Don't Change Your Husband is a 1919 American silent comedy film directed by Cecil B. DeMille and starring Gloria Swanson. The film was the third of six "marriage films" directed by DeMille and the first DeMille film starring Gloria Swanson. A Chinese silent film, Don't Change Your Husband (1929), used the same English title, and a similar plot arc.

==Plot==

Don't Change Your Husband (1919)

Based upon a description in a film magazine, Leila Porter has grown tired of her husband James Denby Porter, the glue king, as she is romantic but he is prosaic. Moreover, he is careless of his personal appearance, gets cigar ash in the carpet, and eats green onions before he tries to kiss her. She obtains a divorce and then marries James' friend Schuyler Van Sutphen, but discovers that Van Sutphen is a real beast. When she later discovers that her ex-husband has changed as a result of the divorce, still loves her, and would be happy to have her back, Leila divorces once again in order to remarry James.

==Cast==
- Elliott Dexter as James Denby Porter
- Gloria Swanson as Leila Porter
- Lew Cody as Schuyler Van Sutphen
- Sylvia Ashton as Mrs. Huckney
- Theodore Roberts as The Bishop, Rt. Rev. Thomas Thornby
- Julia Faye as Nanette aka Toodles
- James Neill as Butler
- Ted Shawn as Faun
- Irving Cummings as Undetermined Role (uncredited)
- Clarence Geldart as Manager of Gambling Club (uncredited)
- Raymond Hatton as Croupier at Gambling Club (uncredited)
- Jack Mulhall as Member of Gambling Club (uncredited)
- Guy Oliver as Mr. Frankel, Dressmaker (uncredited)
- Sam Wood as Undetermined Role (uncredited)

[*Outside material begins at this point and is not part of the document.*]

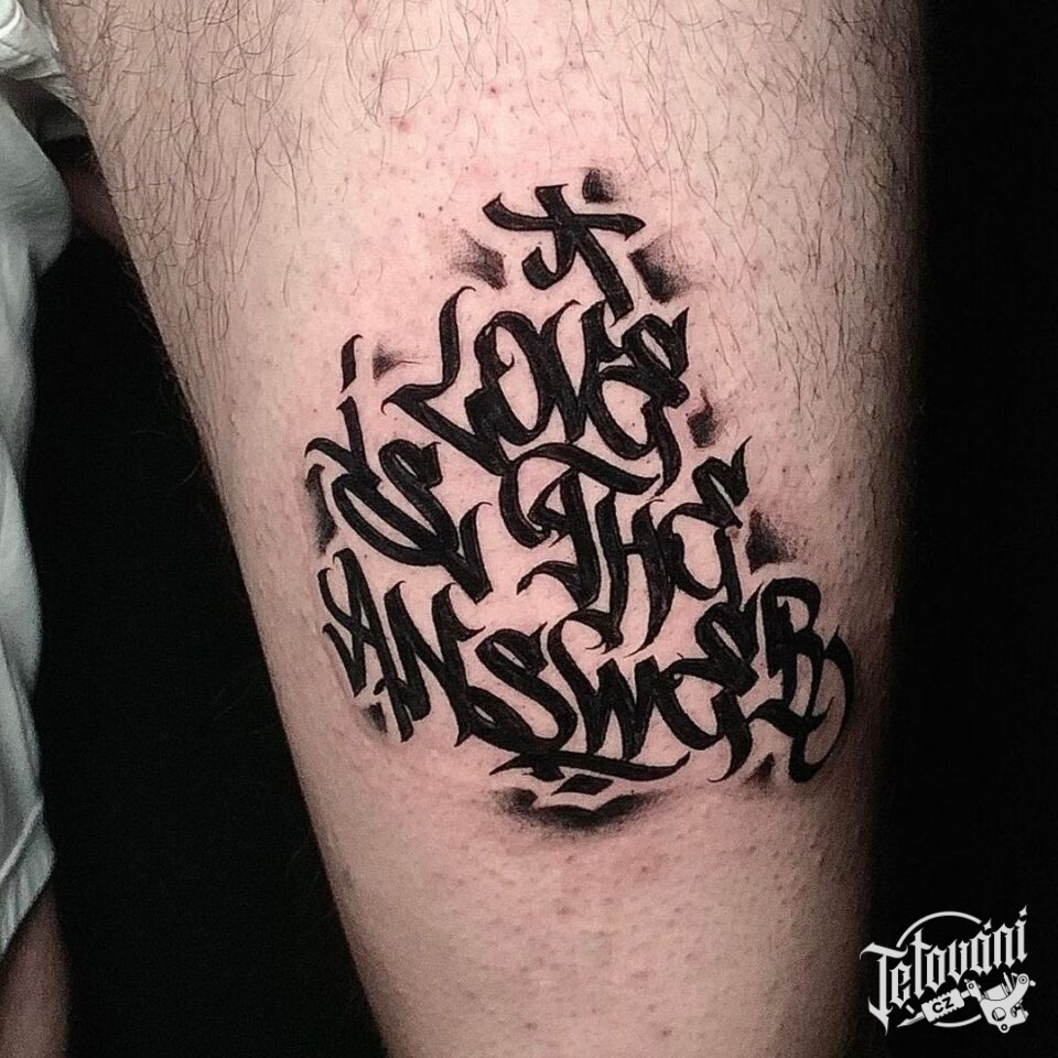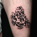 Tetování nápisy, písmena na stehně

==Preservation and Availability==
Complete prints of Don't Change Your Husband are held by:

- George Eastman Museum, on 35 mm
- Cinémathèque Québécoise, on 35 mm
- Cinematheque Royale de Belgique
- Swedish Film Institute
- Archives du Film du CNC
- Library of Congress, on DVD.
The film was released on DVD by Image Entertainment with The Golden Chance.